The killing of Iran’s top general in an American airstrike puts the US and allies including the UK at risk, experts have warned. The UK has been urged not to ‘get sucked in’ to the brewing conflict amid fears of a major retaliation by Iran. General Qassem Soleimani, the head of Iran’s elite Quds Force, was killed in the missile strike near Baghdad’s airport on Friday. The US claims he was killed because he was ‘actively developing plans to attack American diplomats’ in Iraq and the Middle East. It also accused Soleimani of approving the attacks on the US Embassy in Baghdad earlier this week.
Iran is likely to retaliate and in the short term could attack US interests in the Middle East, namely in Iraq and harass oil tankers passing through the Strait of Hormuz. But if the US continues its military action, it may need support from allies and the UK could be called upon for support. Dr Jack Watling, research fellow at the Royal United Services Institute, said this could put UK citizens at risk. He added: ‘The Iranians do not draw a direct line between the UK and US, however, if the UK is perceived to be participating in US actions then they will directly target UK interests. ‘The UK is not automatically the first target. Citizens in Iraq, Syria and Lebanon would certainly potentially be at risk, dual-nationalities in Iran will certainly be at risk of arrest under espionage charges.’

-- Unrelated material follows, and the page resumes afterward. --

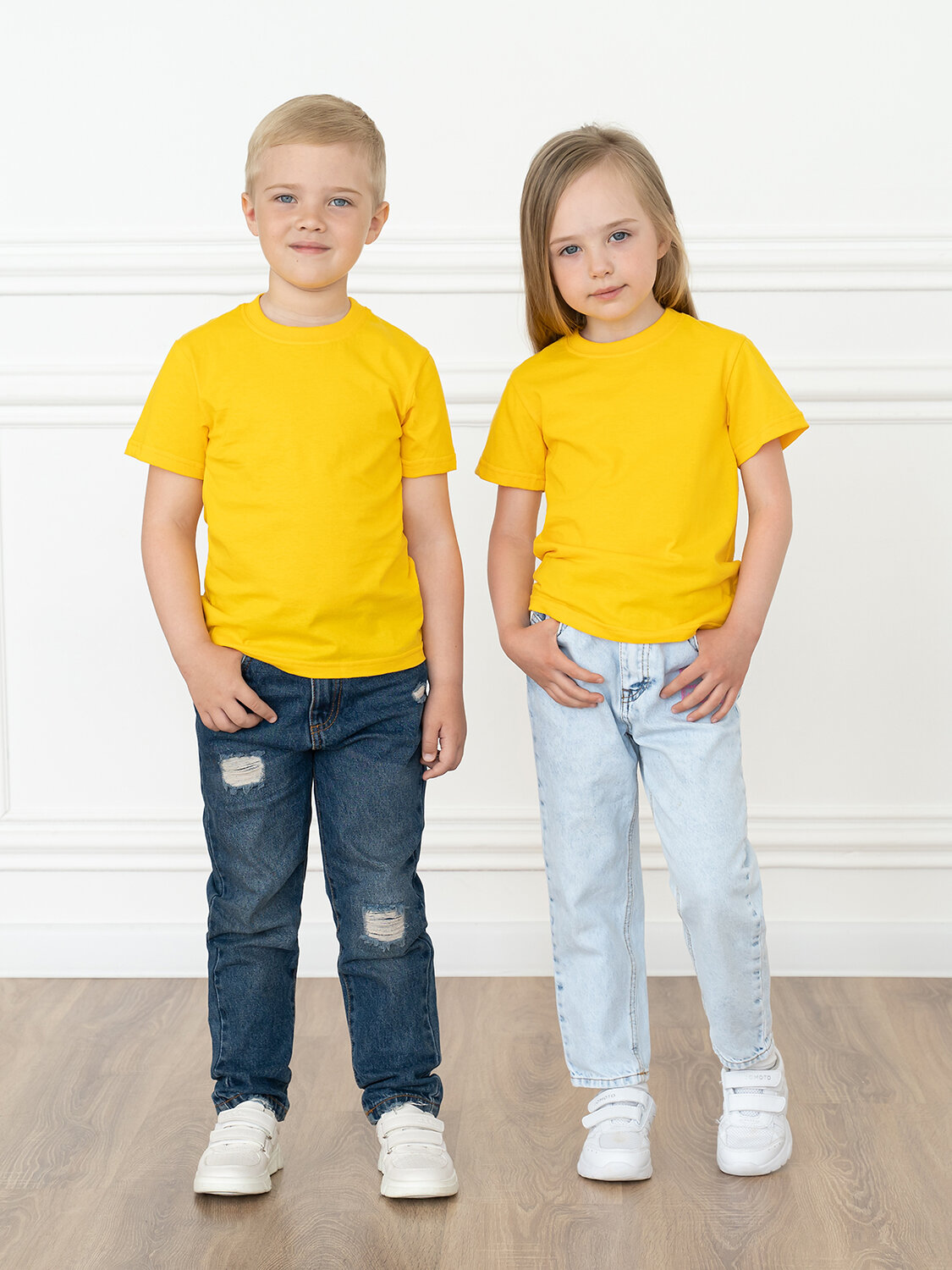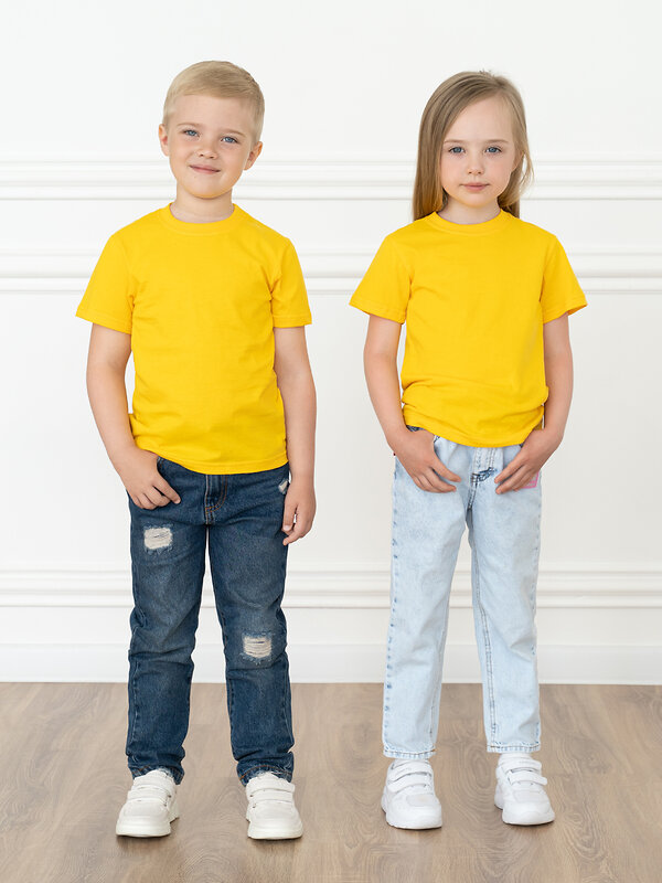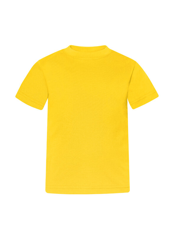 Удобный и универсальный предмет гардероба. Футболка однотонного желтого цвета. Горловина отделана трикотажной бейкой. Край рукавов и низ прошиты швом вподгибку.

Iran has long been accused of using ‘hostage diplomacy’ in its capture of a number of foreign nationals who are currently being held in jail on spurious espionage charges. The Foreign Office advises British-Iranian dual nationals against all travel to Iran and for other British nationals to seek the department’s advice before travelling to the nation. British nationals risk being arbitrarily detained or arrested by Tehran, the department warns. Nazanin Zaghari-Ratcliffe has been among the dual nationals being held in Iran since she was arrested in 2016 and accused of spying while visiting family. Her husband Richard Ratcliffe told ITV’s Good Morning Britain: ‘I sit here partly worried for what that means for Nazanin, partly worried what that means for my in-laws, sat in their ordinary living room in Tehran where they’re all really worried.’